__THE RECORDS__
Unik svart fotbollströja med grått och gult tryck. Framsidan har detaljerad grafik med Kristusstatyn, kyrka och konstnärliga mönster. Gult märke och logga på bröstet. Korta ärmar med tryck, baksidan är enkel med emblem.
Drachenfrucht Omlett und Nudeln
* * *
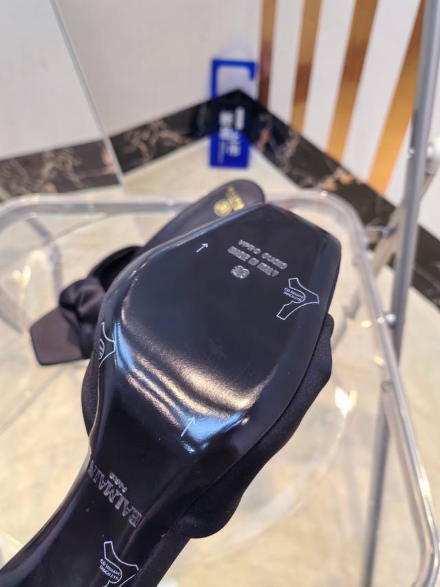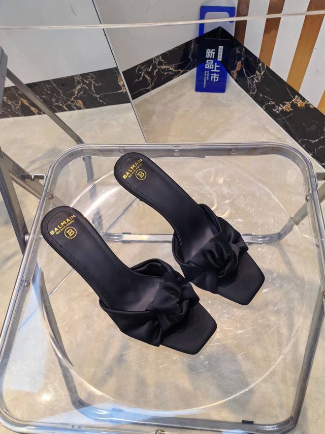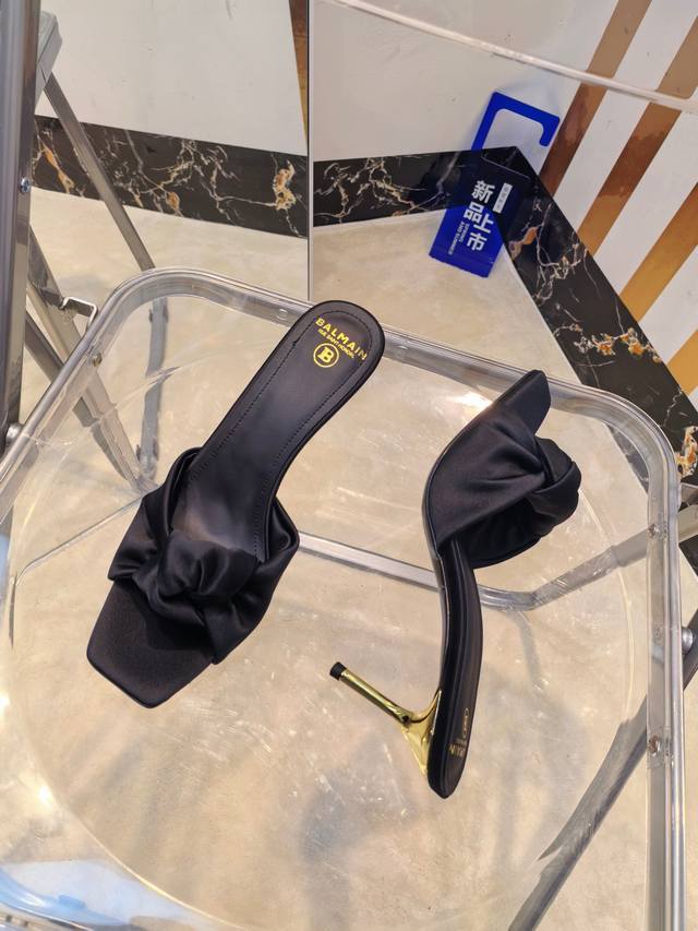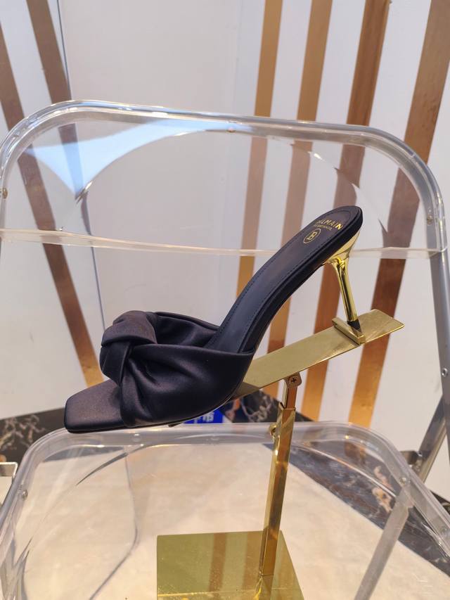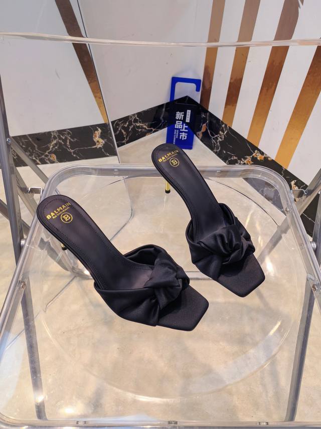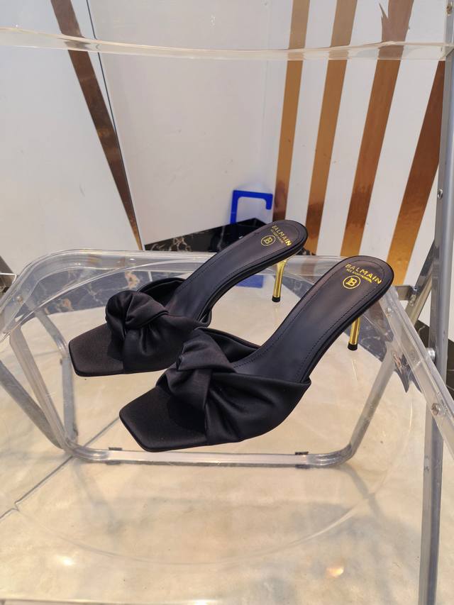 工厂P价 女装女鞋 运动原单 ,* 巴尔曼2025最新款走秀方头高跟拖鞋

__WHAT THE TASK REQUIRES__
Look through the data above and return exactly the lines from the one that contains "Unik svart fotbollströja" to the one that contains "Drachenfrucht Omlett und Nudeln", inclusive, with nothing else.

__RESULT__
Unik svart fotbollströja med grått och gult tryck. Framsidan har detaljerad grafik med Kristusstatyn, kyrka och konstnärliga mönster. Gult märke och logga på bröstet. Korta ärmar med tryck, baksidan är enkel med emblem.
Drachenfrucht Omlett und Nudeln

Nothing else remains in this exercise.